You can use online tools to help diagnose SSL installation issues. See https://www.digicert.com/help/ or https://www.sslshopper.com/ssl-checker.html. Then, if necessary you will have to update your Apache configuration file (such as /etc/apache2/sites-enabled/default-ssl). Depending on your problem, you might need to:
- Add the root certificate by setting the SSLCACertificateFile variable (see http://httpd.apache.org/docs/2.2/mod/mod_ssl.html#sslcacertificatefile).
- Specify the certificate signature chain file with SSLCertificateChainFile (see http://httpd.apache.org/docs/2.2/mod/mod_ssl.html#sslcertificatechainfile). If your certificate vendor did not provide you with a single chain file, you might have to concatenate all the intermediate certificates into one file.
13.5. Caching¶
If you frequently update your OpenDSA’s files, you might want to configure Apache to cache your files for a shorter period of time. In our case we configured Apache to cache js and css files for an hour.
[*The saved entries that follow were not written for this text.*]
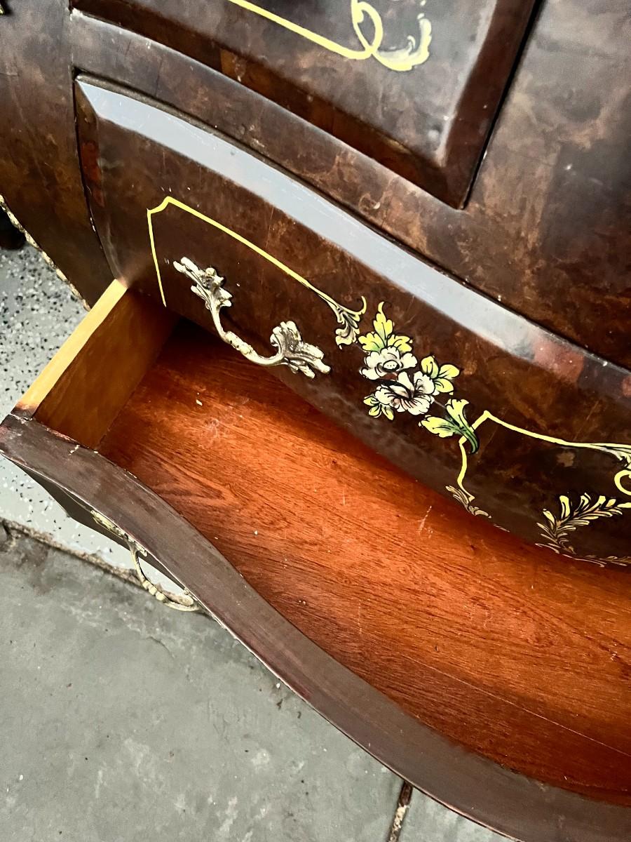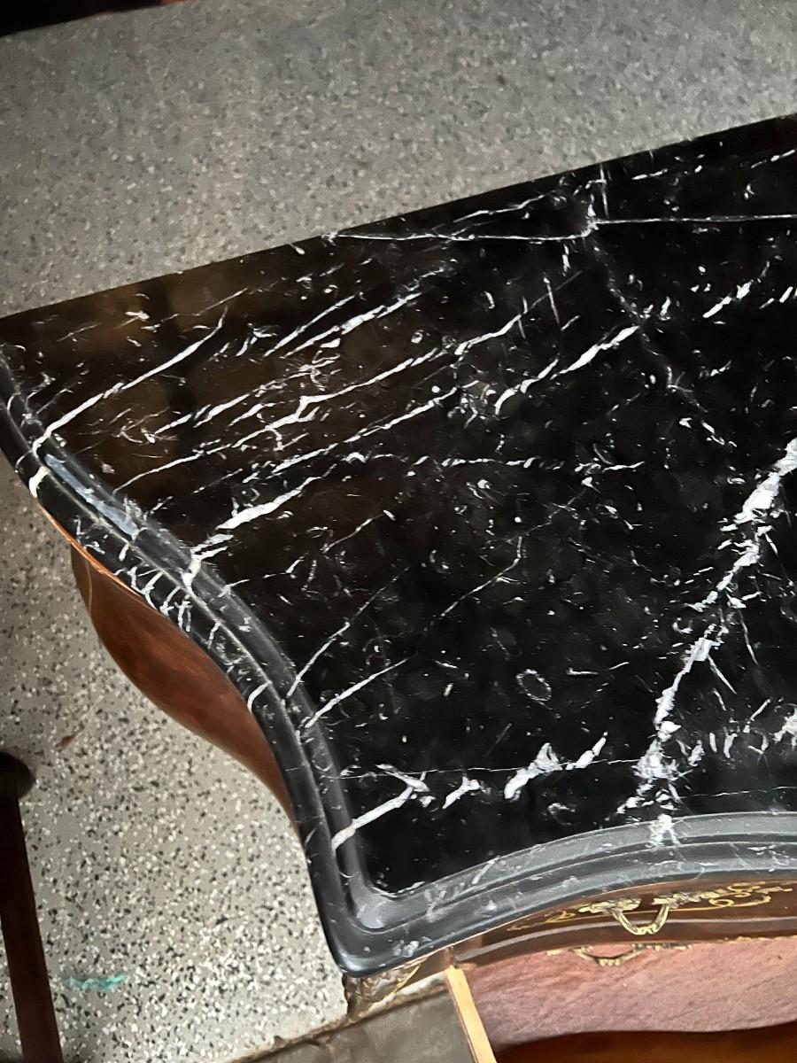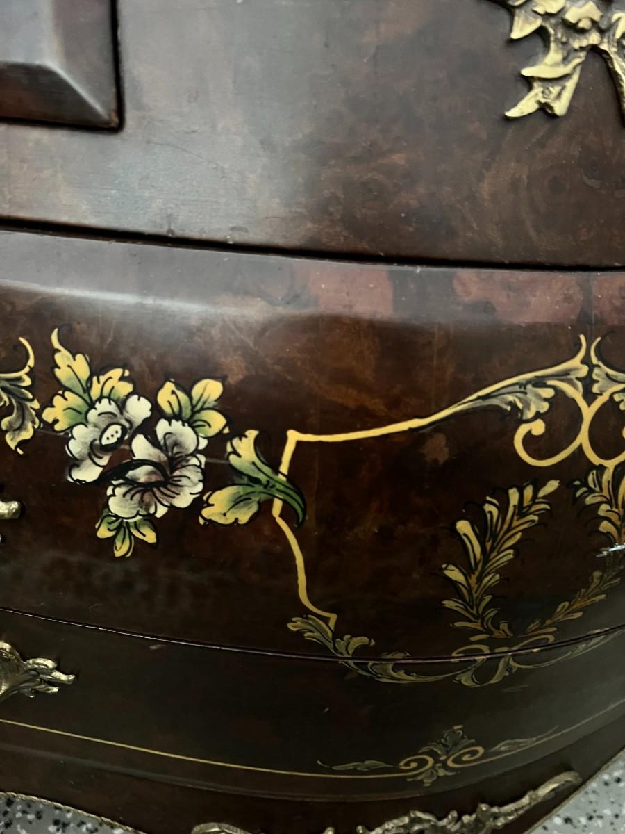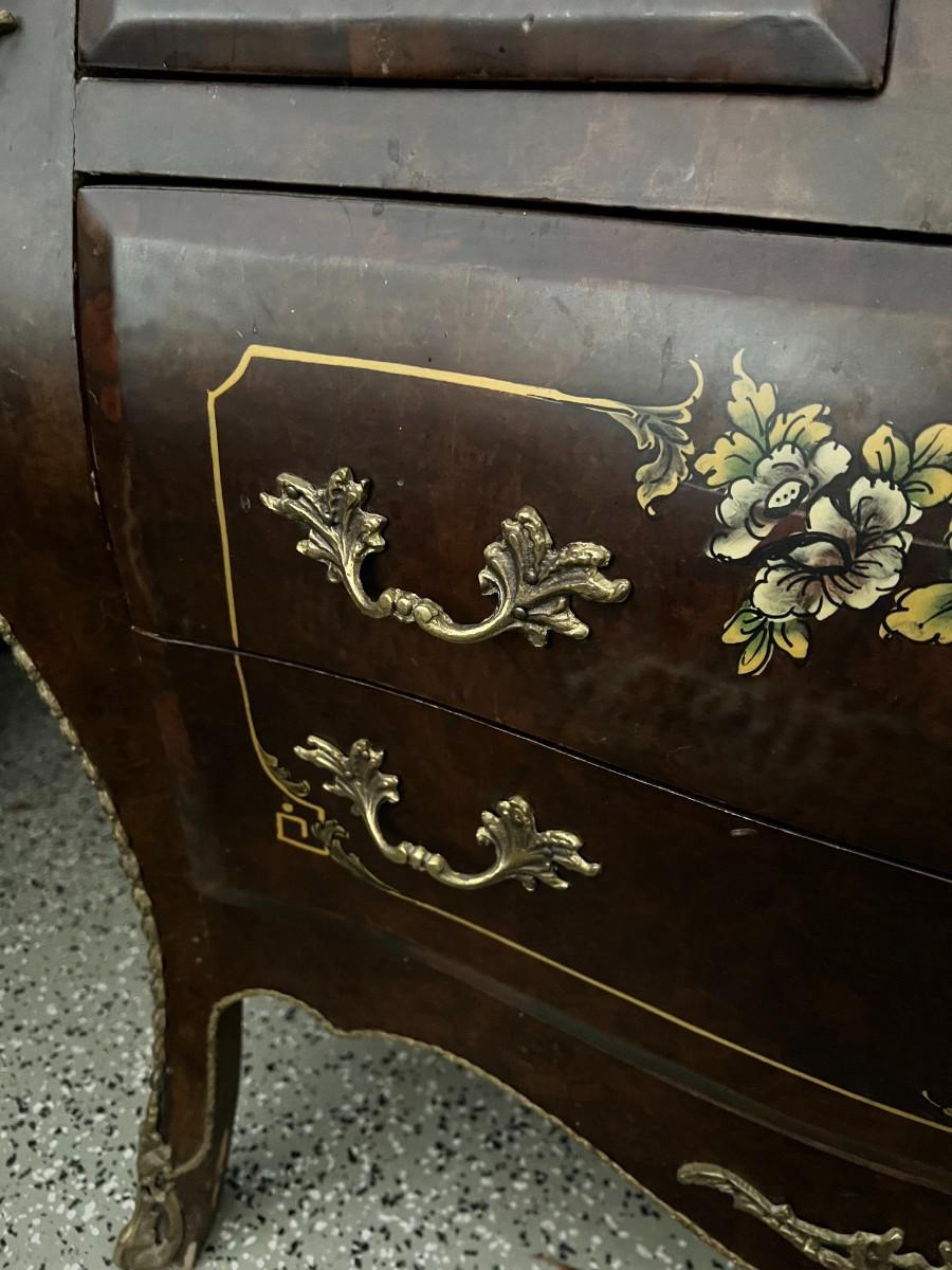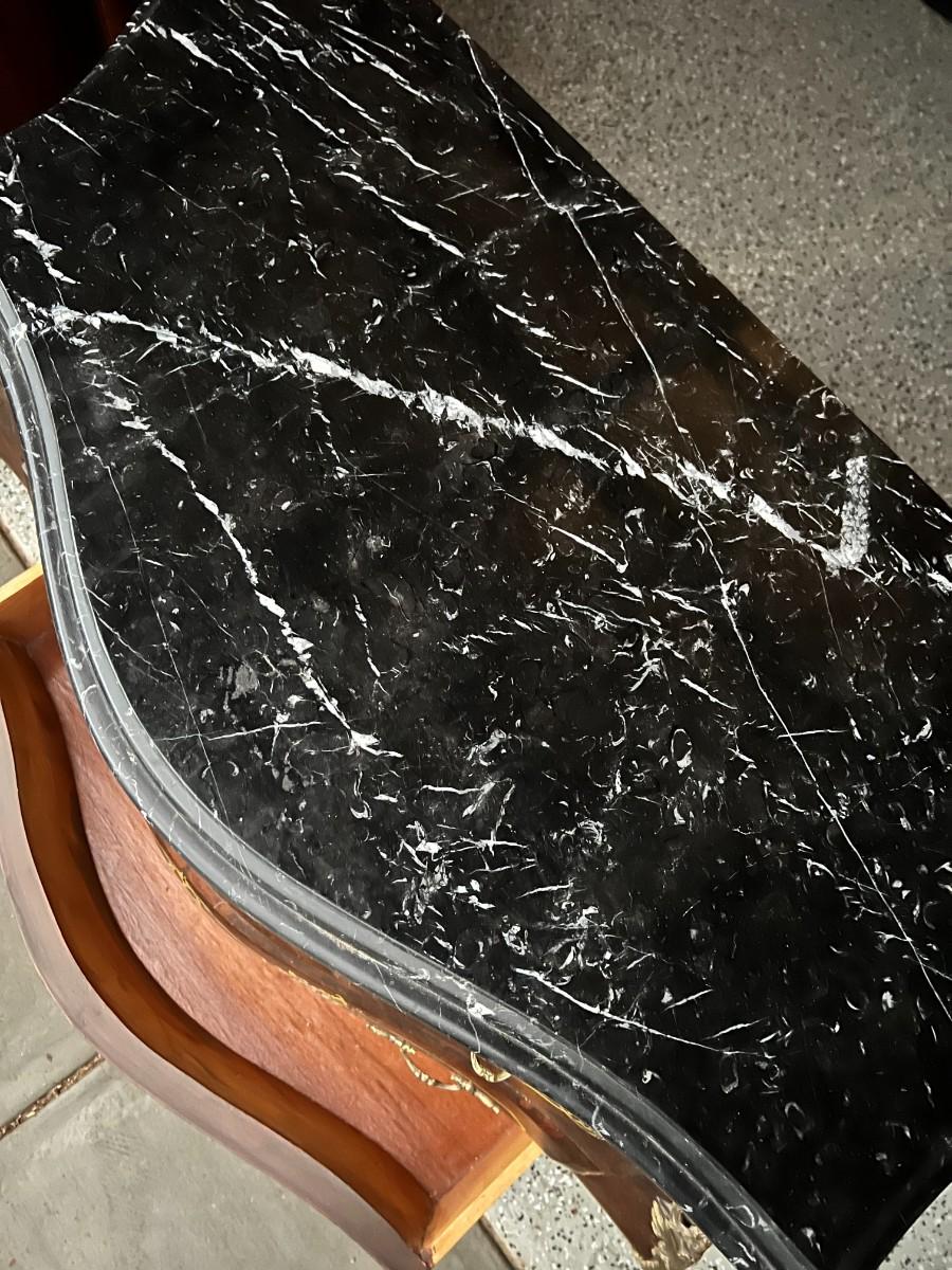 Vintage Marble Top French Louis XV Style Bombe Chest of Drawers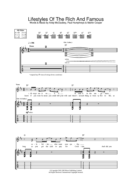 Digital Sheet Music for Lifestyles Of The Rich And Famous by Benji Madden, Joel Madden, Good Charlotte scored for Guitar Tab; id:382957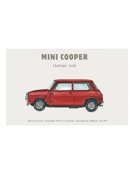 Art Poster de "Coche Italian Job" para los locos por cine. Otros modelos y películas disponibles. Reproducción del dibujo de César Ortiz Echagüe. Disponible en tamaños.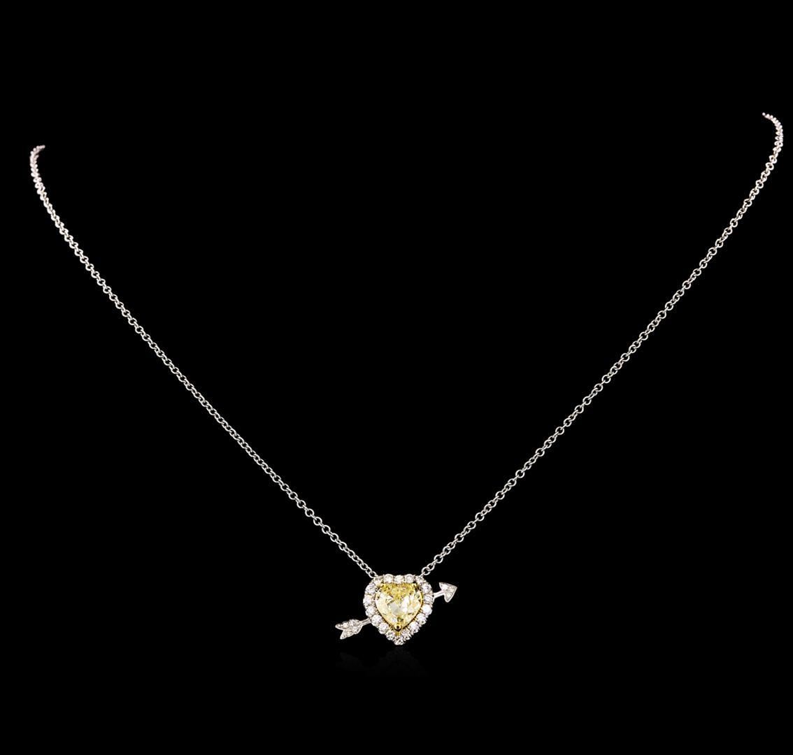 One electronically tested 18KT yellow & white gold ladies cast & assembled diamond "Heart with Arrow" pendant with chain. Condition is new, good workmanship. The slide pendant features a heart shaped pendant composed of a heart shaped diamond mounted in an 18KT yellow gold basket set within a diamond bezel, accented with an 18KT white gold arrow through it. The pendant is supported by an eighteen inch length 18KT white gold designer style chain terminating in a lobster claw clasp. Bright polish finish. Containing: One prong set heart shaped cut diamond, measuring 8.00 x 7.07 x 4.45mm (depth est.), 17.00.%. GTCF approximate weight of 1.81ct with a faint blue fluorescence. Diamond Grading Report attached. Graded in the setting. Clarity: VS-2. Depth: 62.9%. Table 63.7%. Eighteen prong set round brilliant cut diamonds, measuring 1.80 - 1.50 x 0.99mm (depth est.) approximate. Total Weight of 18 Stones = 0.41ct. Graded in the setting. Clarity: VS-1 to SI-1. Color: F - H Seven bead set round brilliant cut diamonds, measuring 1.00 - 1.00 x 0.60mm (depth est.) approximate. Total Weight of 7 Stones = 0.03ct. Graded in the setting. Clarity: SI-1 to I-1. Color: H - J. Total Weight of Diamonds 2.25ct. Total Weight of Pendant With Chain 7.40 grams. AIG Appraised.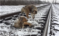 同伴受伤卡铁轨 牧羊犬保护同伴不离不弃

The Apache documentation recommends to make configuration changes inside httpd main server config file rather that using .htaccess files (see http://httpd.apache.org/docs/2.4/howto/htaccess.html). Below is our caching settings:
ExpiresActive On
ExpiresByType image/png "now plus 1 month"
ExpiresByType image/jpeg "now plus 1 month"
ExpiresByType image/gif "now plus 1 month"
ExpiresByType application/javascript "now plus 1 hour"
ExpiresByType application/x-javascript "now plus 1 hour"
ExpiresByType text/javascript "now plus 1 hour"
ExpiresByType text/css "now plus 1 hour"
13.6. Notes¶
Due to cross-domain communication issues, the files communicating with the Django server must be hosted on a server and that server must be listed in the XS_SHARING_ALLOWED_ORIGINS variable in the settings.py file. For OpenDSA development, we host our files on http://algoviz-beta.cc.vt.edu.
To enable OpenDSA to communicate with the Django server, you must include the IP of your server in your book instance configuration file.